The $lookup stage will return an array that contains root node in the root field. To make this array into a single object, we can use $unwind stage. Then the final result will be the form of TreeDto[].

Get a Single Tree with Nodes

We only left final route. This time, we also need to fetch every nodes belong to the root. Of course, we can achieve it in a single aggregation pipeline. All we need to do is to combine $lookup and $graphLookup stage.

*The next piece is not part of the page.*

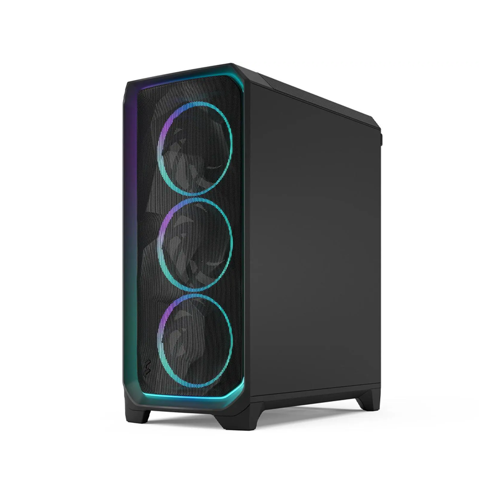 High-Airflow Angular Mesh Front - Signature angular mesh front panel maximizes air intake, ensuring optimal cooling efficiency for high-performance CPUs and GPUs while maintaining a bold design.
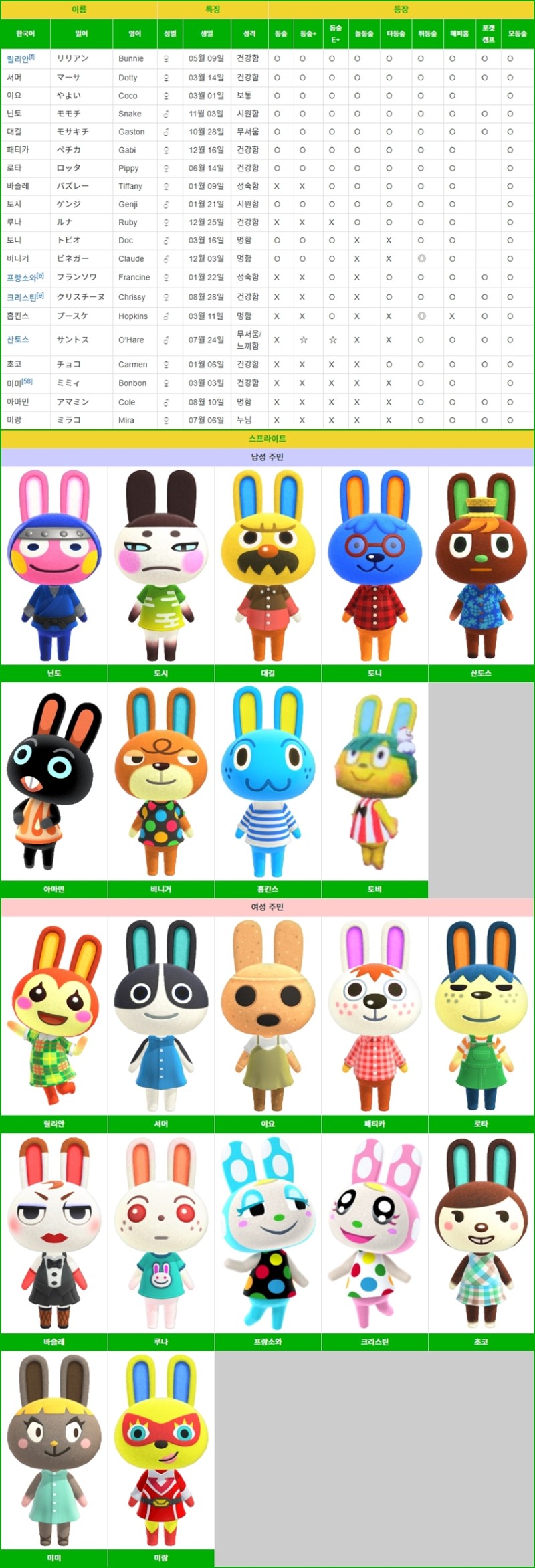 토끼 : 릴리안, 서머, 이요, 닌토, 대길, 패티카, 로타, 바슬레, 토시, 루나, 토니, 비니거, 프랑소와, 크리스틴, 홉킨스, 산토스, 초코, 미미, 아마민, 미랑

src/services/tree.service.ts
export const findOneWithNodes = async (rootId: string) => {
  const result = await TreeModel.aggregate([
    { $match: { root: rootId } },
    {
      $lookup: {
        from: 'nodes',
        let: { root: '$root' },
        as: 'root',
        pipeline: [
          { $match: { $expr: { $eq: ['$$root', '$id'] } } },
          {
            $graphLookup: {
              from: 'nodes',
              startWith: '$id',
              connectFromField: 'id',
              connectToField: 'parentId',
              as: 'children',
            },
          },
        ],
      },
    },
    { $unwind: '$root' },
  ]);
};

You can build a custom pipeline inside $lookup query with pipeline property instead of localField and foreignField. For that, we need to specify variables in let field to access local field from inside the pipeline. Note that a $match stage requires the use of $expr operator to access variables.

To see more detail about $lookup stage, check out MongoDB documentation.

The result of this aggregation can be defined as below:

src/models/tree.model.ts
export interface TreeAggregateResult extends Omit<Tree, 'root'> {
  root: NodeAggregateResult;
}

src/services/tree.service.ts
const result = await TreeModel.aggregate<TreeAggregateResult>([
  // ...
]); 

As a final process, we need to convert this result into TreeDto. Here's a utility function that builds a tree from an array of nodes.

src/util/tree.ts
export const buildTree = (nodes: Node[]) => {
  const map: { [key: string]: number } = {};
  let root: NodeDto = {
    id: '',
    parentId: null,
    level: 0,
    info: { name: '', description: '' },
    children: [],
  };

  const nodeDtos: NodeDto[] = nodes.map((node, index) => {
    map[node.id] = index;
    const nodeDto = { ...node, children: [] };

    return nodeDto;
  });

  nodeDtos.forEach((node) => {
    if (node.parentId) {
      nodeDtos[map[node.parentId]].children.push(node);
    } else {
      root = node;
    }
  });

  return root;
};

  1. Receive Node[] as an argument and create initial map object and root node.
  2. Map through nodes argument. Set the map with the key of node id and value of index. Then return a NodeDto[].
  3. For each node in the NodeDto[], if it has parentId, push itself into the children property of parent node using the map opject.
  4. If it doesn't have parentId, it is the root node which will be finally returned.

With that, we can return a TreeDto like below:

src/services/tree.service.ts
export const findOneWithNodes = async (rootId: string) => {
  const result = await TreeModel.aggregate<TreeAggregateResult>([
    { $match: { root: rootId } },
    {
      $lookup: {
        from: 'nodes',
        let: { root: '$root' },
        as: 'root',
        pipeline: [
          { $match: { $expr: { $eq: ['$$root', '$id'] } } },
          {
            $graphLookup: {
              from: 'nodes',
              startWith: '$id',
              connectFromField: 'id',
              connectToField: 'parentId',
              as: 'children',
            },
          },
        ],
      },
    },
    { $unwind: '$root' },
  ]);

  if (!result.length) {
    return null;
  }

  const treeWithNodes = result[0];
  const nodes = [treeWithNodes.root, ...treeWithNodes.root.children];
  const root = buildTree(nodes);

  const treeDto: TreeDto = { ...treeWithNodes, root };

  return treeDto;
};

Conclusion

That's all for handling a tree data structure with NodeJS and MongoDB! You can review the source code in here.